Доктор криво улыбнулся.
— Характер у вас, кажется, все тот же, — сказал он. — Мое имя Баркун Крис; я психоскульптор. А ваше?
— Рихард Штраус. Композитор.
— Великолепно, — сказал доктор Крис и отвернулся.
Мысли Штрауса, однако, были заняты уже другим странным явлением. По-немецки Strauss не только имя, но и слово, имеющее много значений (битва, страус, букет), и фон Вольцоген в свое время здорово повеселился, всячески обыгрывая это слово в либретто оперы «Feuersnot».[14] Это было первое немецкое слово, произнесенное им с того, дважды отодвинутого мига смерти! Язык, на котором они говорили, не был ни французским, ни итальянским. Больше всего он походил на английский, но не на тот английский, который знал Штраус; и тем не менее говорить и даже думать на этом языке не составляло для него никакого труда.
«Что ж, — подумал он, — теперь я могу дирижировать на премьере «Любви Данаи». Не каждому композитору дано присутствовать на посмертной премьере своей последней оперы». И, однако, во всем этом было что-то очень странное, и самой странной была не покидавшая его мысль, что мертвым он оставался совсем недолго. Конечно, медицина движется вперед гигантскими шагами, это известно каждому, однако…
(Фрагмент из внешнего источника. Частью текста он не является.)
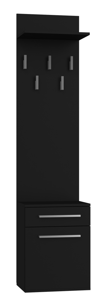 Praktiškas prieškambario komplektas;Komplektą sudaro kabykla ir spintelė;Pagaminta iš laminuotos medžio drožlių plokštės (MDP), storis - 16 mm;Komplekto kraštų apdailos medžiaga: PVC;Komplekto išmatavimai: plotis – 50 cm, aukštis – 181 cm, gylis – 35 cm;Kabyklos išmatavimai: plotis – 50 cm, aukštis – 124 cm, gylis – 27 cm;Spintelės išmatavimai: plotis – 50 cm, aukštis – 57 cm, gylis – 35 cm;Komplekto spalva: juoda;Kabykla su 5 kabliukais ir lentynėle;Spintelė;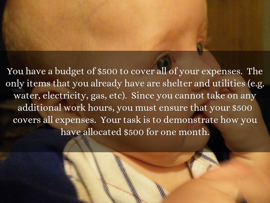 You have a budget of $500 to cover all of your expenses. The only items that you already have are shelter and utilities (e.g. water, electricity, gas, etc). Since you cannot take on any additional work hours, you must ensure that your $500 covers all expenses. Your task is to demonstrate how you have allocated $500 for one month.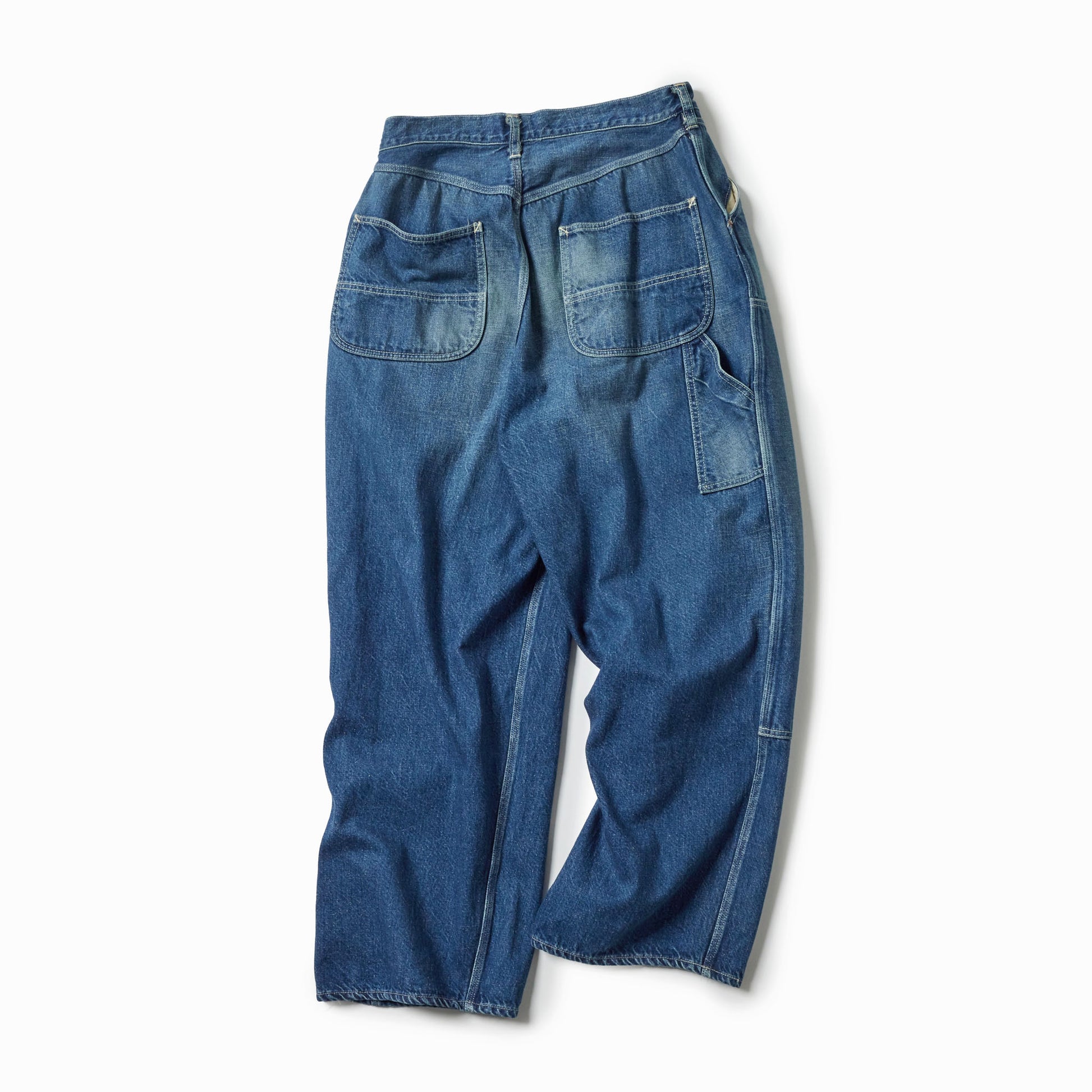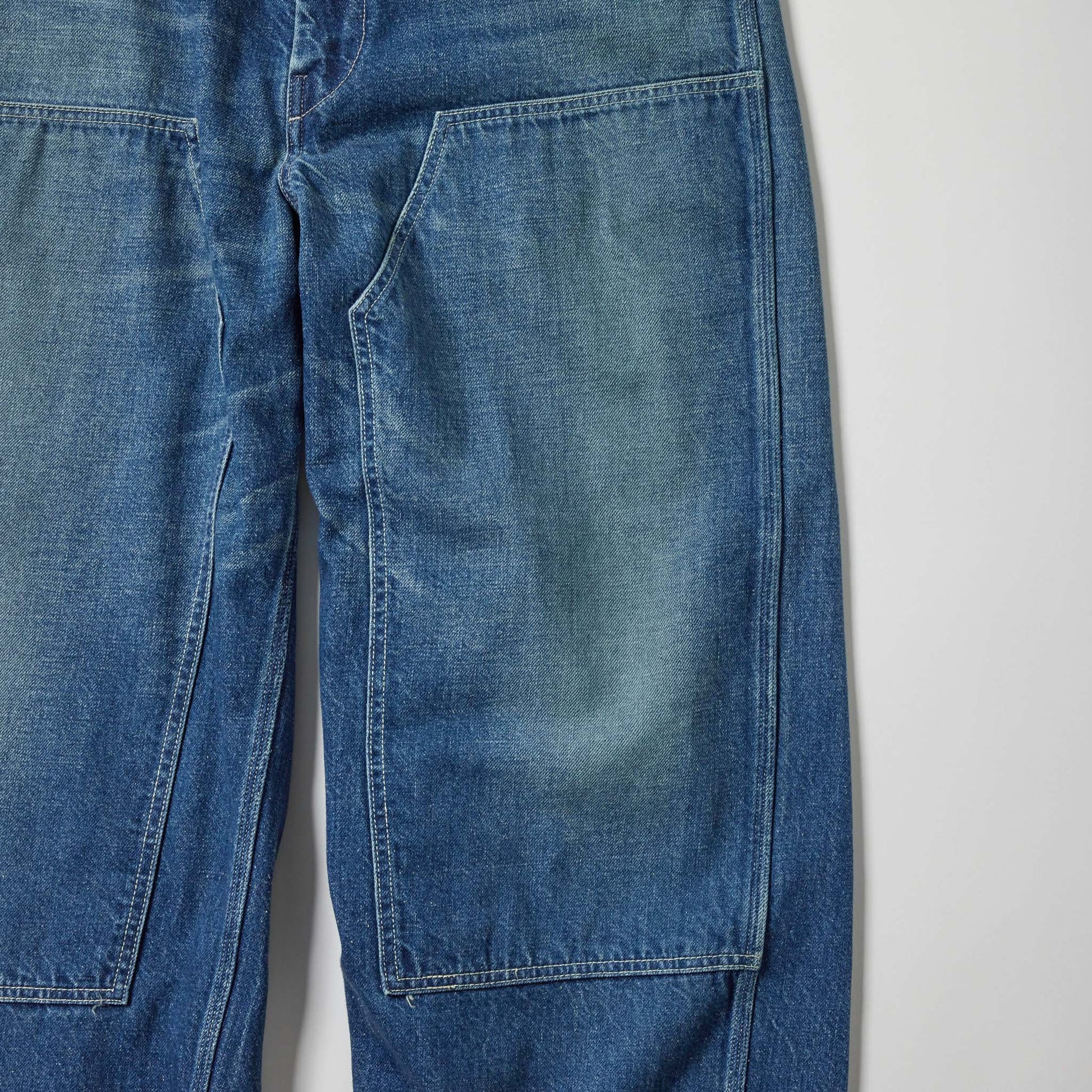 型は1960年代のヴィンテージペインターパンツがベース。フロントトップは刻印入りのスナップボタン、ポケット底の当て布やハンマーポケット付きのディテール、強度の高い3本針巻き縫いの縫製仕様などヴィンテージペインターパンツのディテールを踏襲している。ヴィンテージを基に色落ち加工が施されている。

— Объясните мне все, — сказал он, приподнявшись на локте. Кровать тоже была другая, далеко не такая удобная, как его смертное ложе (удивительно, до чего легко пришло к нему это слово!). Что до комнаты, то она больше походила на электромеханический цех, чем на больничную палату. Неужто современная медицина местом воскрешения мертвых избрала цеха завода Сименс-Шуккерт?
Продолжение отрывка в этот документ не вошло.